Oberlandesgericht Naumburg

Urt. v. 24.01.2014

Az.: 10 U 7/13

In dem Rechtsstreit

...

hat der 10. Zivilsenat des Oberlandesgerichts Naumburg auf die mündliche Verhandlung vom 13. Dezember 2013 durch den Präsidenten des Oberlandesgerichts Schubert, den Richter am Oberlandesgericht Haberland und den Richter am Oberlandesgericht Nolte

für Recht erkannt:
Tenor:

Auf die Berufung der Beklagten wird das am 23. Januar 2013 verkündete Urteil der Einzelrichterin der 3. Zivilkammer des Landgerichts Halle teilweise abgeändert und wie folgt neu gefasst:

Die Beklagte wird verurteilt, an die Klägerin 14.602,01 € nebst Zinsen in Höhe von acht Prozentpunkten über dem Basiszinssatz seit dem 24.04.2012, Mahnkosten in Höhe von 20 € sowie Inkassokosten in Höhe von 60,57 € zu zahlen. Im Übrigen wird die Klage abgewiesen.

Die weitergehende Berufung der Beklagten wird zurückgewiesen.

Die Beklagte trägt die Kosten des Verfahrens erster und zweiter Instanz.

Dieses Urteil ist ohne Sicherheitsleistung vorläufig vollstreckbar.

Die Revision wird nicht zugelassen.

Der Gegenstandswert für das Berufungsverfahren beträgt 14.602,01 €.
Gründe

I.

Die Klägerin nimmt die Beklagte auf Zahlung einer nach Grund und Höhe unstreitigen Werklohnforderung in Anspruch. Die Beklagte beruft sich auf ein Zurückbehaltungs- bzw. Leistungsverweigerungsrecht im Hinblick auf ihrer Auffassung nach nicht vollständig vorgelegte Bescheinigungen/Nachweise zur Erfüllung sozialversicherungsrechtlicher und steuerrechtlicher Verpflichtungen.

Die Beklagte hat die Klägerin mit der Ausführung von Innenputzarbeiten in einer Schule in L. beauftragt. Hauptauftraggeberin war die Stadt L. . Deren Vertragsbedingungen, welche sich im Einzelnen aus dem Auftragsschreiben vom 13.08.2010 ergeben, hat sie auch im Verhältnis zur Klägerin vereinbart. Ferner sind die als Anlage B 6 vorgelegte "Vereinbarung zwischen Auftragnehmer und Nachunternehmer zur Einhaltung der tarifvertraglichen und öffentlich-rechtlichen Bestimmungen bei der Ausführung von Bauleistungen" auch für das hiesige Vertragsverhältnis vereinbart. Die Leistungen sind zwischen dem 16.08.2010 und dem 09.05.2011 vollständig erbracht und mangelfrei abgenommen.

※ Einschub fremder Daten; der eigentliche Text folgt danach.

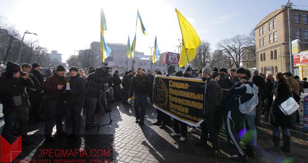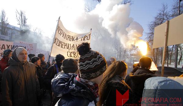 Здание Верховной Рады пикетируют студенты - просто студенты, "левые" и социал-националисты. В 10:00 они окружили 9-й подъезд Верховной Рады, через который депутаты обычно заходят на согласительный совет. Требования половины студентов в основном касаются бесплатного образования, представители другой половины скандируют "Революция!" и требуют глобальных реформ в образовании.

Die Klägerin beschäftigt keine eigenen Mitarbeiter. Sie hat die Putzarbeiten vielmehr zum einen durch Mitarbeiter der Fa. M. Bau Ltd., Niederlassung Deutschland, ausführen lassen, deren Gesellschafter auch die Gesellschafter der Klägerin sind, zum anderen hat sie eine Fa. G. mit der Ausführung eines Teils der Putzarbeiten betraut, wobei sie ausführt, dies sei im Rahmen einer "ARGE" geschehen.

Die Beklagte hat sich auf ein Zurückbehaltungsrecht im Hinblick darauf berufen, dass die Klägerin ihr gegenüber keine vollständigen, alle für die Klägerin und ihre Nachunternehmer auf der Baustelle tätigen Bescheinigungen über die Erfüllung der Beitragspflicht zur Sozialversicherung vorgelegt habe und keine ausreichenden Bescheinigungen nach § 48 b EStG vorgelegt habe. Sie befürchte deshalb, ihrerseits durch ihre Auftraggeberin für die Erfüllung der entsprechenden Beitrags- bzw. Steuerpflichten in Anspruch genommen zu werden. Die Beklagte meint, die Klägerin sei zur Weitergabe des Auftrags an Subunternehmer nur mit ihrer Zustimmung befugt gewesen, habe ihr gegenüber aber deren Tätigkeit nicht mitgeteilt. Ihr sei auch nicht nachvollziehbar, ob an die tatsächlich vor Ort tätigen Arbeitnehmer der tarifliche Mindestlohn gezahlt worden sei.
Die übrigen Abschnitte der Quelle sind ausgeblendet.